The corner of his lip turned up, and he lowered his gaze to the bandages in his hands. “Good girl.”
“I still want stitches though. Not because of vanity, but because the faster I heal, the faster I’m at one hundred percent again. I’d like to survive this little road trip.”
He led her into the cabin, and when he opened the door said, “Everyone but Finn out. Get started on something to eat while we stitch up Vanessa.”
“Why do I have to get out?” Brandon said. “I have more medical experience than both of you combined.”

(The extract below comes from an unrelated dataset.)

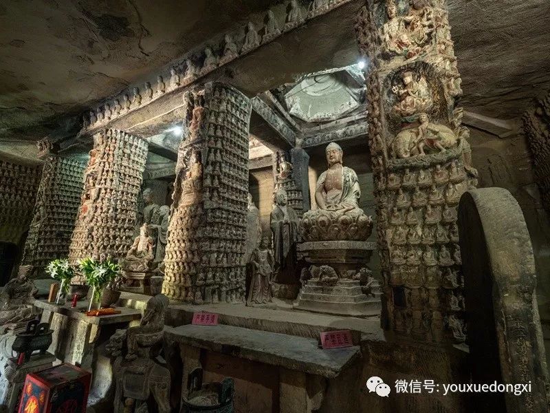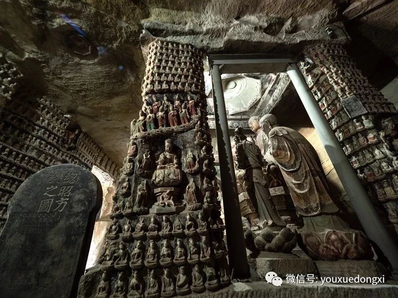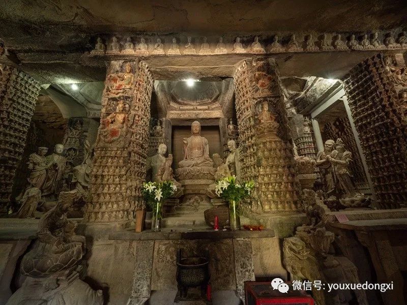 主窟万佛岩呈长方形,面积为225平方米,平顶八卦莲花藻井,窟内正中有长11米,宽5.3米,高1.4米的石坛基,坛基上有3组14尊大型主体石雕,主佛像为释迦牟尼三世佛,而自在观音和地藏菩萨也是重要题材,可以看出当时人们主要崇拜的对象。主尊释迦牟尼佛结跏跌坐,坐于束腰仰莲须弥座上,右手施说法印。坛前有乘狮的文殊菩萨和乘白象的普贤菩萨,左右分别侍立迦叶和阿难,均脚踏莲座,形象逼真而生动。坛基东西两端各立一尊菩萨,坛基前后两排共八根接地连顶的方形石柱,系造窟时所留支撑顶板岩石。石柱四周和石窟四壁均密无间隙地刻满了数层浮雕,以佛教故事为主。到了明代万历年间,主窟的外壁上又被精雕了道教老子及关帝的造像,清代儒教盛行,又将孔子的造像补雕其上,从而使这一珍贵的艺术宝库呈现出佛、道、儒三教合一的形态。当然关于孔子雕像也是有争议的,我们现场参观时,就听到不知哪一级的文物部门专家说,根据龛像上方的题记及图像特点,说孔圣人像牵强,倒更像是居士像甚至是游人留像。龛上方题记是一首诗,“霁雪山程远,寒云石洞深。汲泉怜老衲,一酌洗尘心”,图像是老者长须,头戴帽,手握佛珠,旁立侍者。究竟是谁?智者见智吧。

Sean offered the little troll a patient glare. “Vanessa, do you want Brandon to stitch you up instead?”
“Hell no. Get out.”
“Whatever,” he muttered as he grabbed his pack. “It’s your funeral.”
“It’s stitches, not an appendectomy, and Sean was the one trying not to get me eaten by a cannibal today. Plus, he’d feel guiltier if he killed me and plan a much prettier funeral. Also, nice face,” she said, pointing her middle finger at his swollen jaw.
He bumped her shoulder on the way out, and Sean excused himself while Finn gathered the lanterns. Whispers of angry words filtered through the window, too low for her to understand, but from the tone in Sean’s voice, she’d do best not to piss him off in the future.